Un aller simple pour échapper à la crise du Liban

Lorsque les protestations ont éclaté le 17 octobre au Liban, Youmma Hamooud est descendue dans la rue avec enthousiasme. Cinq mois plus tard, elle a perdu espoir et ne cherche qu'un aller simple pour échapper d'un pays qui s'enfonce dans l'une des pires crises économiques de son histoire.
« Notre génération a perdu la dernière bataille », dit-il à Efe Hammoud, 22 ans, qui ne peut cacher "les grands espoirs" qu'il avait pour l'avenir de son pays lorsque des milliers de personnes sont descendues dans la rue pour demander un changement du régime politique du pays ont disparu.
« Je pensais que je ne voulais pas partir, mais maintenant je suis obligé de trouver un avenir meilleur », ajoute ce jeune diplômé en gestion de la conservation des ressources naturelles à Beyrouth.
Le cas de Hammoud n'est pas le seul. Selon les données de la société de conseil régionale Information International, en 2019, le nombre de départs permanents de Libanais a doublé par rapport à 2018.
Le Premier ministre libanais Hasan Diab a admis le 7 que le Liban « s'enfonce » dans la pire crise depuis la fin de la guerre civile qui a ravagé le pays en 1990. Le 17 octobre, les Libanais sont descendus dans la rue, lassés de la corruption de la classe dirigeante et d'une situation qui en a fait l'un des pays les plus endettés du monde. Le Liban a une dette publique, selon Diab, qui dépasse 90 milliards de dollars, soit 170 % du PIB.

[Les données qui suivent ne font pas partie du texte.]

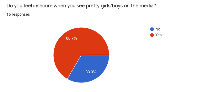 Some Central students said that they weren’t obsessed with their phones, but people are different in many ways. Some people have things to do and they are barely on their phones. A student said “No, because when I’m not on my phone I am actively doing something else.” Another survey question was “Do you feel insecure when you see pretty girls/boys in the media?” 66.7% said yes and 33.3 said no. In the survey it asks why they feel that way and one student said “It’s hard to feel like you live up to the beauty standards that social media sets for young adults. We’ve always been taught to compare ourselves, think of ways we can be better, instead of appreciating the bodies we have and just learning to be happy and healthy in our own way.”

Le gouvernement a annoncé le week-end dernier que, pour la première fois de son histoire, il entrait en cessation de paiements de la dette extérieure car il n'a pas pu honorer une échéance d'euro-obligations de 1,2 milliard de dollars le 9 mars. M. Diab a révélé, dans un discours sévère à la nation, que 40 % de la population « sera bientôt en dessous du seuil de pauvreté » et que le pays a besoin de cet argent pour couvrir les besoins de base de ses citoyens.
Selon les chiffres fournis à EFE par le cabinet de conseil Information International, le nombre de Libanais ayant émigré au cours des trois derniers mois de 2019, lorsque les manifestations ont commencé, a atteint 19 263 Libanais, contre 14 129 Libanais pour la même période en 2018.

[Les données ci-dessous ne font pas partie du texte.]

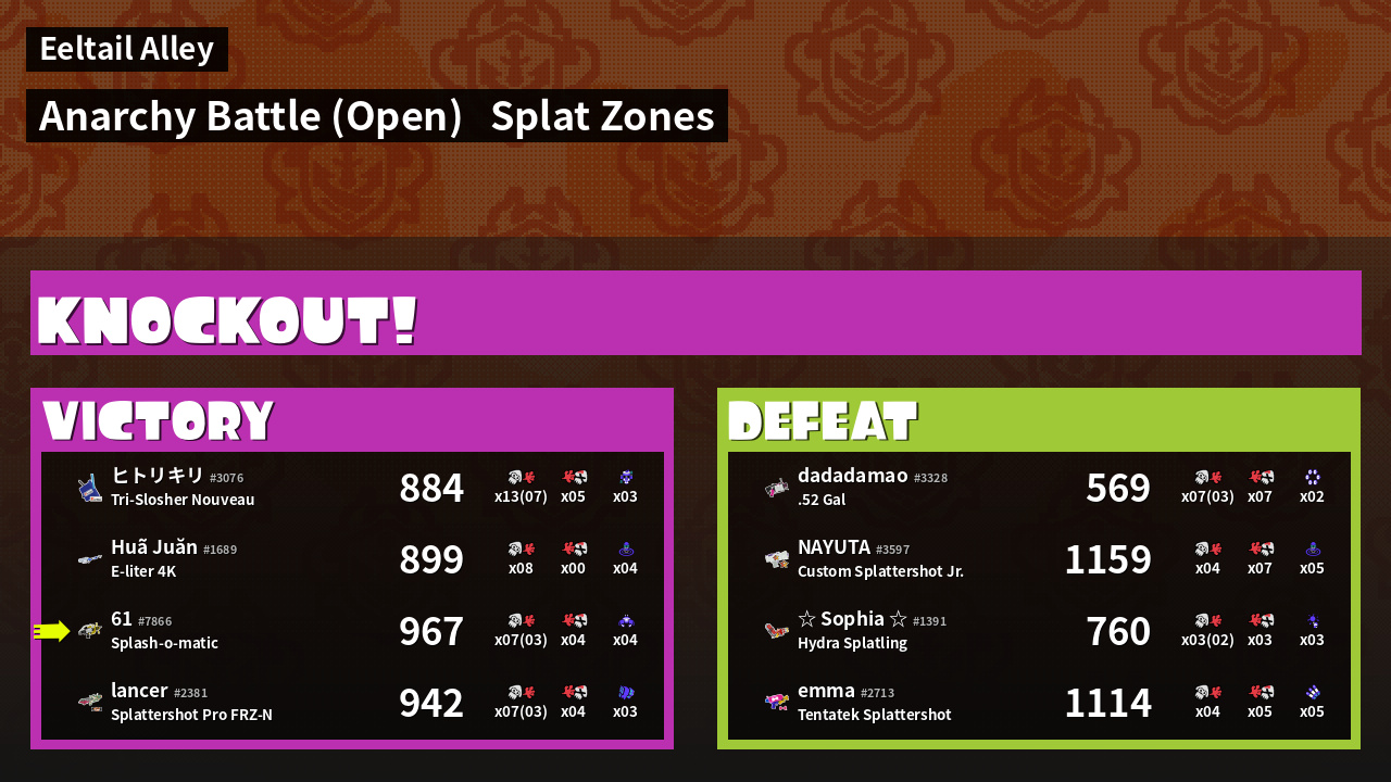 | Mode | Splat Zones - Anarchy Battle (Open) | ||

En outre, le cabinet souligne qu'en tout 2019, 66 806 Libanais ont acheté un aller simple pour ne pas revenir, contre 33 841 l'année précédente, ce qui représente une augmentation de 97,5% dans un pays de 6 millions d'habitants.

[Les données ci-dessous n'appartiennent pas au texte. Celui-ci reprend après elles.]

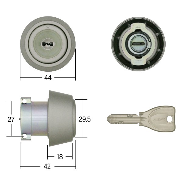 ミワ PSLA(DA)シリンダー 2ヶ同一 シルバー色 キー5本付 蓄光

Guita G. Hourani, directrice du Centre de recherche libanais pour les études sur la migration et la diaspora, a déclaré à Efe que pour « la migration à long terme, la plupart des Libanais choisissent les États-Unis, le Canada, la France, la Suède, l'Allemagne, l'Arménie et l'Australie, entre autres ».
Bien que ceux qui cherchent du travail « optent désormais pour les opportunités offertes en Asie et en Europe de l'Est, qui sont considérées comme de nouvelles destinations pour la migration libanaise ».

Araz Topalian assure à Efe qu'il fait de son mieux pour partir, mais partir n'est pas facile non plus.
« J'ai parlé à un avocat spécialisé dans les questions d'immigration au sujet de mon départ pour le Canada et il m'a demandé 7 000 dollars rien que pour ses honoraires. (...) C'est trop cher, alors j'ai décidé de faire le processus moi-même », explique ce jeune homme, titulaire d'un diplôme de troisième cycle en architecture.
« Si jamais je pars, je ne reviendrai jamais et je ne blâme pas le gouvernement, je blâme toute la nation », dit-il.
Garabed Khachadour est un développeur de jeux vidéo et s'est récemment installé en Arménie, laissant derrière lui un pays incapable de garantir un approvisionnement en électricité 24 heures sur 24 à sa population et où les banques n'autorisent pas les retraits de plus de 200 ou 300 dollars, selon la banque, toutes les deux semaines en raison du manque de liquidités dans la monnaie verte.
« Ce que j'ai trouvé en Arménie, je ne l'ai jamais eu au Liban : la liberté financière de choisir comment transférer mon argent et l'utiliser, plus l'accessibilité à Internet, un outil très important dans mon travail », explique le Libanais de 25 ans. Rouba F. Zebian, 35 ans, qui s'est installé à Djibouti après s'être marié, a également décidé de partir, espérant fonder une famille, raconte-t-il à Efe. « Nous avons protesté contre les politiciens, mais nous avons finalement décidé de partir, nous n'avions rien à perdre », dit-il.